→ **TASK DIRECTIONS**: From the entries below, reproduce exactly the lines from the one with "Nach einer kurzen" through the one with "ここは風除けとなっており、遅い昼食となった。 風はないが気温が低く、「氷ケ池」は名の如く 薄氷が張っている。", both included, without images.

→ **PROVIDED DATA**:
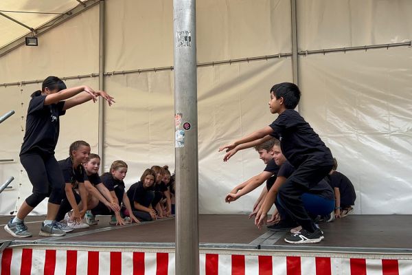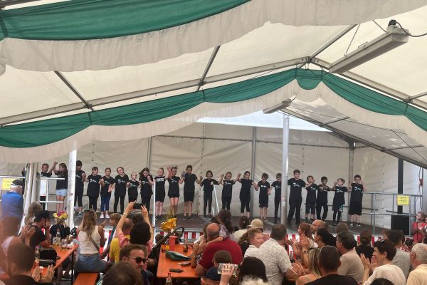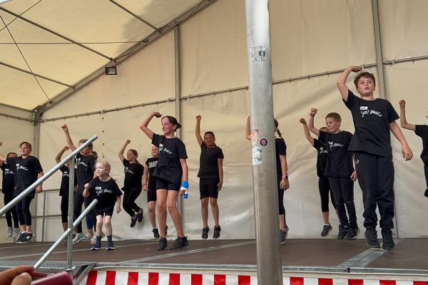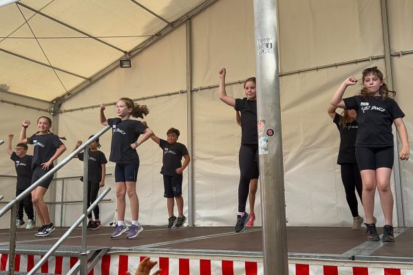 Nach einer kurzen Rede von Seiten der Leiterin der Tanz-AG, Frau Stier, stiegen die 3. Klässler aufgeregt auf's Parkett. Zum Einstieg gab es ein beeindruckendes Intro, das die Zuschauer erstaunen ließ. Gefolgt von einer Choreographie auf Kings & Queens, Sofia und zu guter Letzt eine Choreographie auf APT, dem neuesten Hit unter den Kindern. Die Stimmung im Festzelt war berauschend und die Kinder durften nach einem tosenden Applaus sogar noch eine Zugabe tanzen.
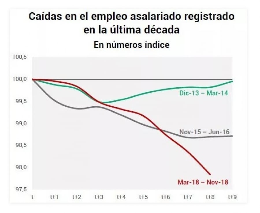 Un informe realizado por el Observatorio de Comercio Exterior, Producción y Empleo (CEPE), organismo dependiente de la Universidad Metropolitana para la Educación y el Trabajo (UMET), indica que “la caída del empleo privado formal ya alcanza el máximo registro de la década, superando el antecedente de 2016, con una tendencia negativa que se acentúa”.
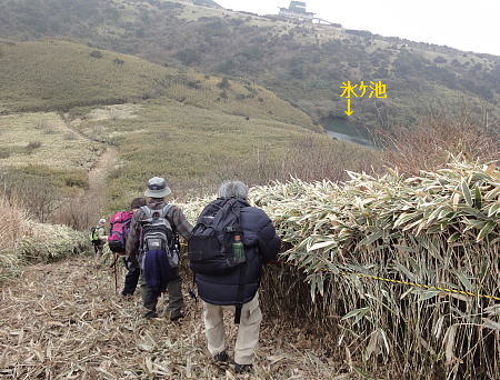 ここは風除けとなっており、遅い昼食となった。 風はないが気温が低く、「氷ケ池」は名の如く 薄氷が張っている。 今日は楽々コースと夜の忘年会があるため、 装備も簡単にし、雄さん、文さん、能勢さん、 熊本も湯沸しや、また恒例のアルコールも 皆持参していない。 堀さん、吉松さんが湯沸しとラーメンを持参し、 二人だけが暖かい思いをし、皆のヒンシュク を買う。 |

==

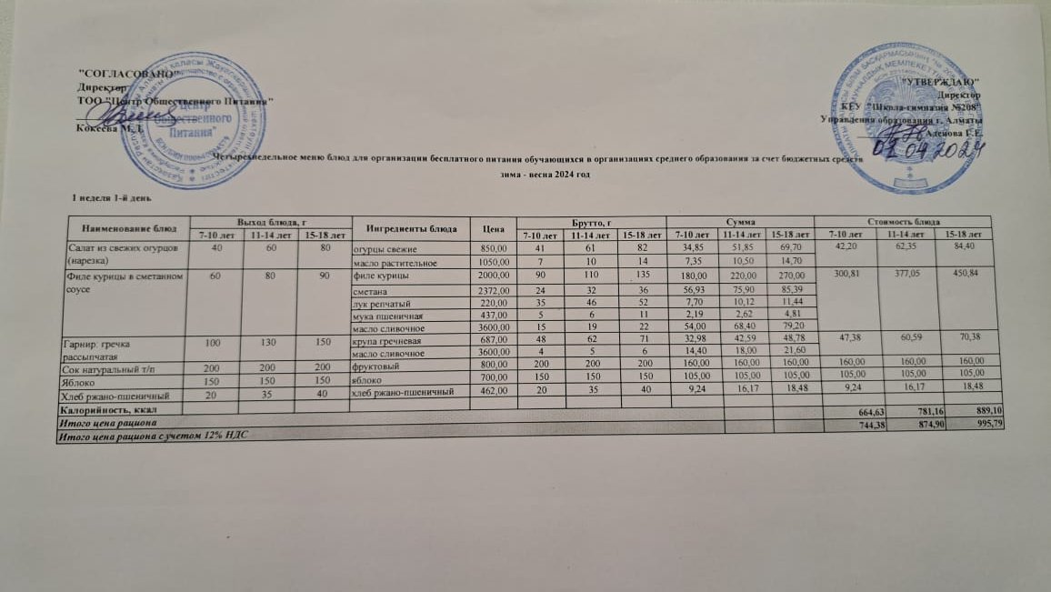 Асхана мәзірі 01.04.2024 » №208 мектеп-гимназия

→ **EXERCISE SOLUTION**:
 Nach einer kurzen Rede von Seiten der Leiterin der Tanz-AG, Frau Stier, stiegen die 3. Klässler aufgeregt auf's Parkett. Zum Einstieg gab es ein beeindruckendes Intro, das die Zuschauer erstaunen ließ. Gefolgt von einer Choreographie auf Kings & Queens, Sofia und zu guter Letzt eine Choreographie auf APT, dem neuesten Hit unter den Kindern. Die Stimmung im Festzelt war berauschend und die Kinder durften nach einem tosenden Applaus sogar noch eine Zugabe tanzen.
 Un informe realizado por el Observatorio de Comercio Exterior, Producción y Empleo (CEPE), organismo dependiente de la Universidad Metropolitana para la Educación y el Trabajo (UMET), indica que “la caída del empleo privado formal ya alcanza el máximo registro de la década, superando el antecedente de 2016, con una tendencia negativa que se acentúa”.
 ここは風除けとなっており、遅い昼食となった。 風はないが気温が低く、「氷ケ池」は名の如く 薄氷が張っている。 今日は楽々コースと夜の忘年会があるため、 装備も簡単にし、雄さん、文さん、能勢さん、 熊本も湯沸しや、また恒例のアルコールも 皆持参していない。 堀さん、吉松さんが湯沸しとラーメンを持参し、 二人だけが暖かい思いをし、皆のヒンシュク を買う。 |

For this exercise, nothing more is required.